## Brief:
The answer should be the exact lines from the line containing "A finely crafted" through the last line of the material below, with no pictures.

## Source data:
::::

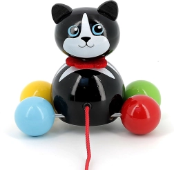Le chat à tirer Minou est un excellent compagnon pour les premières promenades dans la maison. Grâce à ses roues à billes colorées et à la ficelle rouge, les enfants s’y attachent rapidement et développent naturellement leur motricité globale, leur stabilité et la coordination œil–main. Sa construction légère et robuste en bois massif laqué est agréable au toucher et facile à entretenir.
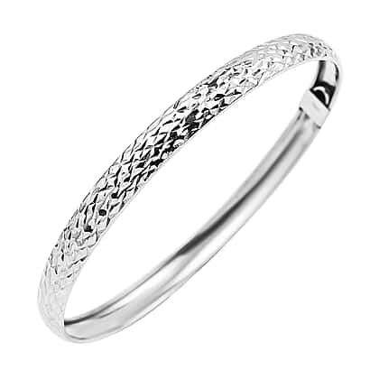 A finely crafted texture pattern brings a distinct tribal finish to this silver bangle, which is available in Size 7.5. The textured bangle is Italian-made and comes in 925 sterling silver with a platinum overlay. The classy jewellery is versatile and pairs well with casual and formal dresses. With a smooth finish, the bangle is good for everyday wear.
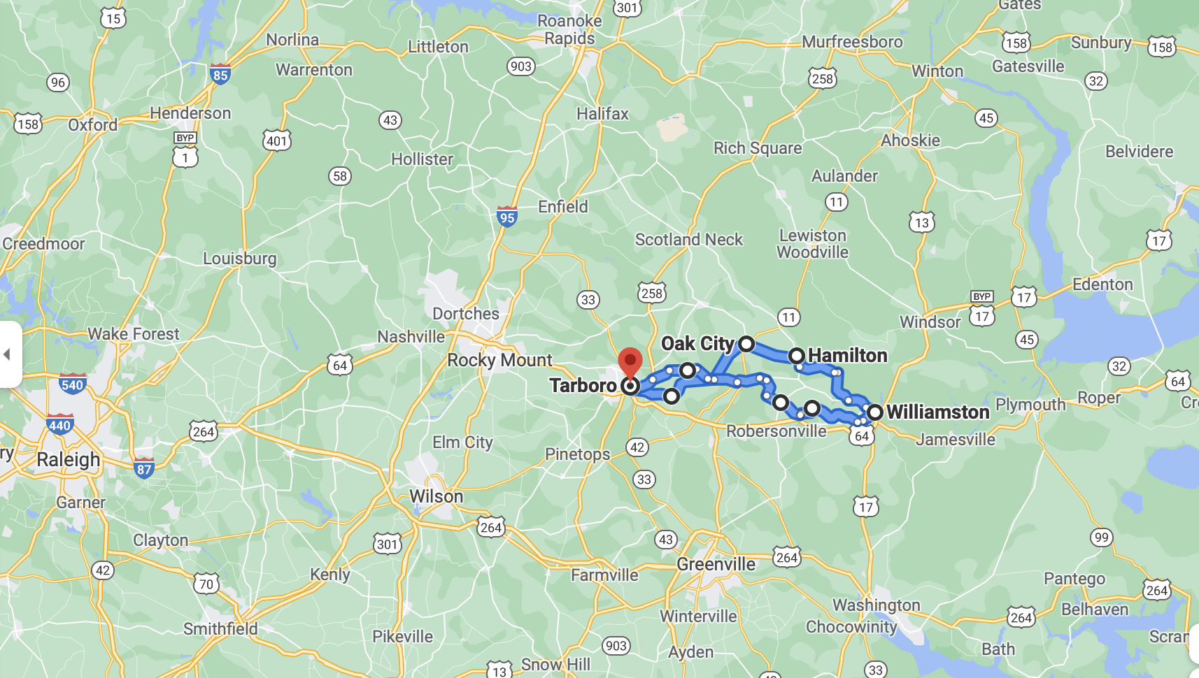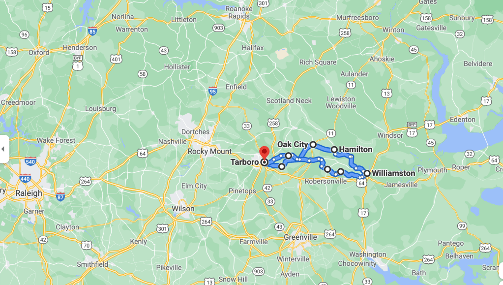 I cycled through Tarboro’s downtown and onward east towards Williamston. Here is the loop I rode over two days.

::::

## Reply to the task:
 A finely crafted texture pattern brings a distinct tribal finish to this silver bangle, which is available in Size 7.5. The textured bangle is Italian-made and comes in 925 sterling silver with a platinum overlay. The classy jewellery is versatile and pairs well with casual and formal dresses. With a smooth finish, the bangle is good for everyday wear.
 I cycled through Tarboro’s downtown and onward east towards Williamston. Here is the loop I rode over two days.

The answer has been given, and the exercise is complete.